Возвращаясь на уровень философского анализа, я предлагаю рассматривать понятие феноменальной субъективности как именно то, что может отсутствовать в акинетическом мутизме. Я утверждаю, что именно этот вид феноменального содержания - преходящая, динамическая интеграция субъекта и объекта - многие из нас интуитивно считают сутью сознательного опыта. Наиболее интересный смысл феноменальной субъективности - это тот, который вытекает из ограничения 6, ограничения перспективности. По-настоящему субъективное репрезентативное содержание - это то, которое является элементом перспективной модели реальности, той, в которой структурно доминирует PMIR.

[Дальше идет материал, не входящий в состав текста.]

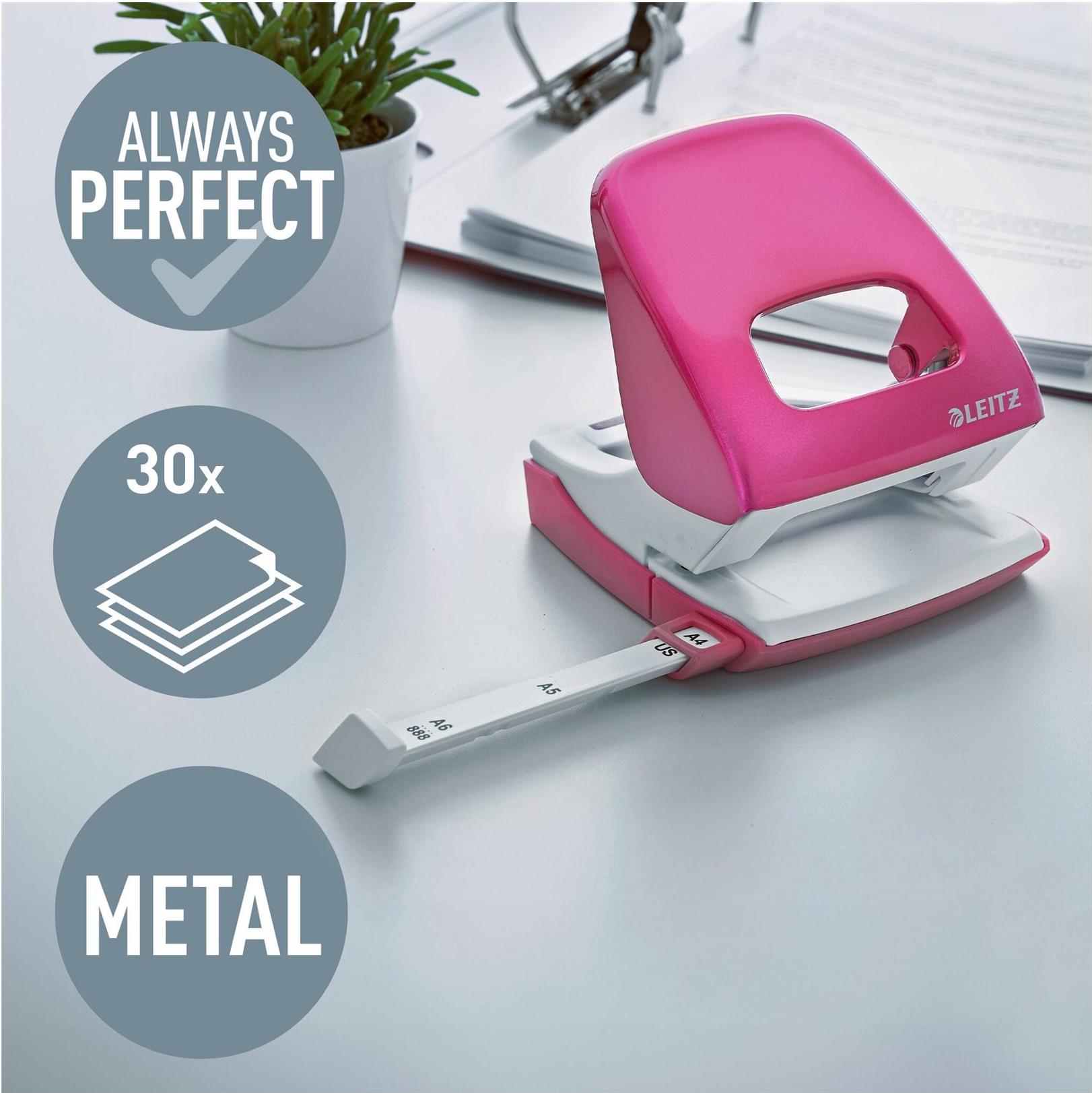 Metalllocher in auffallenden WOW Farben für die tägliche Nutzung. Stabil und zuverlässig. Locher mit patentierter, ergonomischer Griffmulde und ultra-scharfen Lochstempeln für weniger Kraftaufwand.

Опять же, существует альтернативная и более узкая формулировка, позволяющая нам описывать как субъективно сознательные все и только те состояния, которые в данный момент находятся в фокусе опыта. Подлинно сознательным ментальным состоянием тогда будет то, которое в данный момент составляет объектный компонент ПМИР. Рассматриваемое как форма репрезентативного содержания, его субъективность тогда состоит в том, что оно эксплицитно связано с феноменальным "я" - в его вкладе в более полную ментальную структуру, реляционную репрезентацию акта опыта. Например, как показывают эмпирические исследования слепоты изменения (Mack and Rock 1998) для визуального сознания, в визуальной области явно существует аттенциональный PMIR: его объектный компонент - это просто то, что мы переживаем в интегрированном виде. Как только внимание рассеивается, визуальные объекты растворяются обратно в "прото-объектах", а все информационное содержание теряется. Феномен "слепоты перемен" демонстрирует, как такие системы, как мы, интегрируют только то, что становится визуальным объектным компонентом PMIR, тем самым минимизируя вычислительную нагрузку на наш мозг. С вычислительной точки зрения, нет необходимости держать все объекты представленными одновременно, все, что нужно, - это способность обращаться к идентичности объектов, когда это необходимо. Разумеется, существует и неаттенционное извлечение структуры сцены, поскольку внимание не является центральным шлюзом, через который должна проходить вся сознательная информация; аттенционное узкое место применимо только к когерентным объектам. Внимательное зрение дает нам структуру сцены, которая представляет собой все, что можно увидеть до того, как механизм выбора с ограниченной емкостью попадет на объект. В этом смысле, и согласно третьему возможному прочтению "феноменальной субъективности", преаттентивная структура сцены была бы бессубъектной формой сознательного содержания. Эта третья интерпретация феноменальной субъективности не только следует философской интуиции "субъективности как фокальной репрезентации", но и прекрасно демонстрирует, что значит сказать, что сознательный опыт действительно является градуированным феноменом.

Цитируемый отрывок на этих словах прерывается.